Organic Aciduria

2.4.1. Canavan Disease

Canvan disease is also known as Canavan-Van Bogaert-Bertrand disease; spongy degeneration of CNS; aspartoacylase deficiency; ASP deficiency; aminoacylase 2 deficiency; and ACY2 deficiency.

Canavan's disease is an autosomal-recessive disorder caused by aspartoacylase deficiency. The deficiency of aspartoacylase leads to increased concentration of NAA acid in the brain and body fluids. This causes disruption of myelin, resulting in spongy degeneration of the white matter of the brain. The clinical features of the disease are hypotonia in early life, which evolves to spasticity, macrocephaly, head lag, and progressive severe mental retardation. Like Tay-Sachs and Nieman Pick disease, it is most prevalent in the Ashkenazi Jewish population. Research at the molecular level led to the cloning of the gene for aspartoacylase and the possibility of genetic diagnosis, the creation of animal models and continued research into the patho-physiology of this still poorly understood disorder.

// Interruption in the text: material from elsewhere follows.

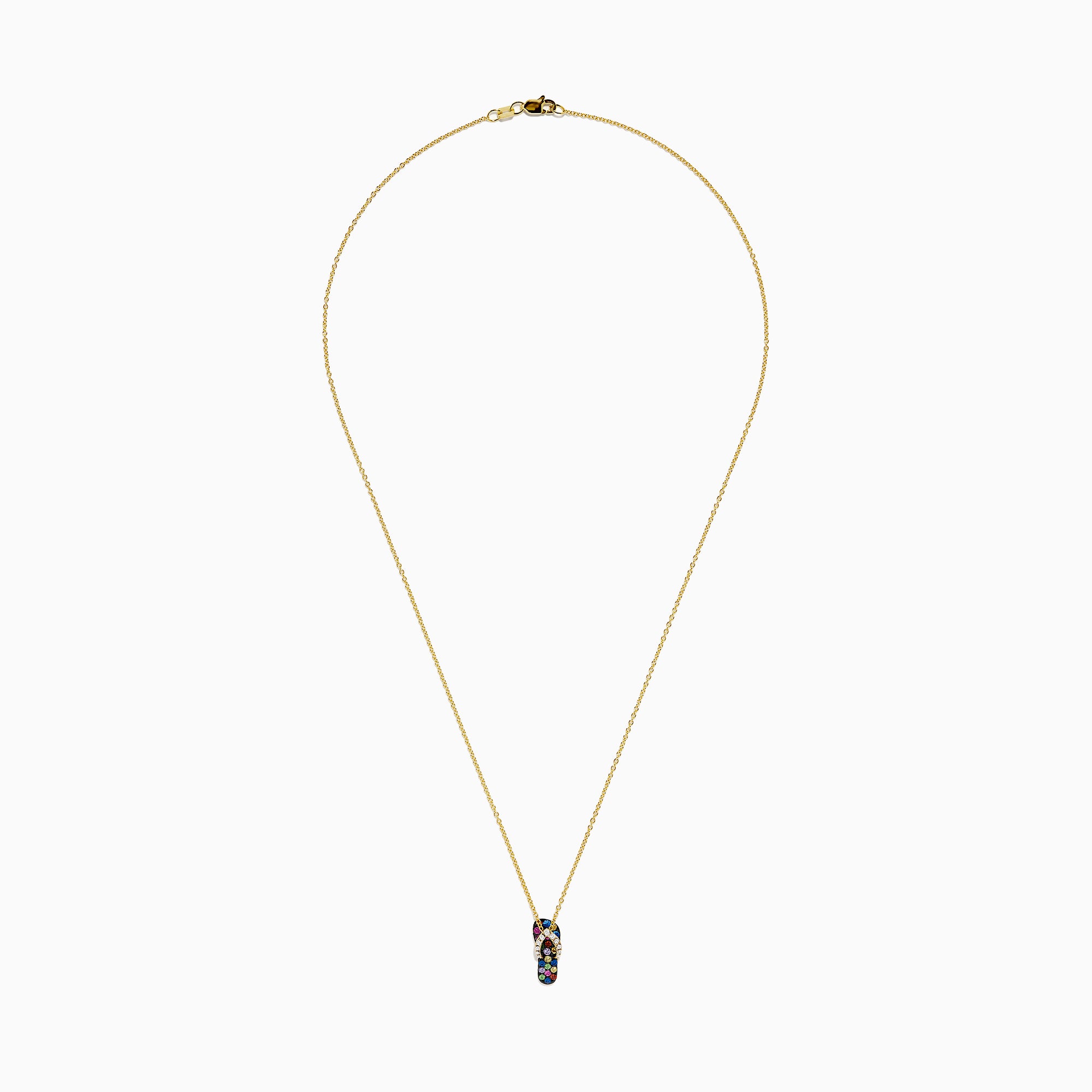 Effy 14K Gold Multi Sapphire and Diamond Flip Flop Pendant, 0.53 TCW

2.4.1.2. Clinical Features

There are at least three different phenotypes of Canavan disease. A congenital form has been described, with marked hypotonia, feeding difficulties, lethargy and a rapid decline with death within months.

The infantile form of Canavan disease is the most common. Patients have an unremarkable gestation and appear normal at birth. Hypotonia becomes evident by 6 mo of life. Affected infants have poor head control, decerebrate posturing, irritability, poor feeding, and limited spontaneous motor activity.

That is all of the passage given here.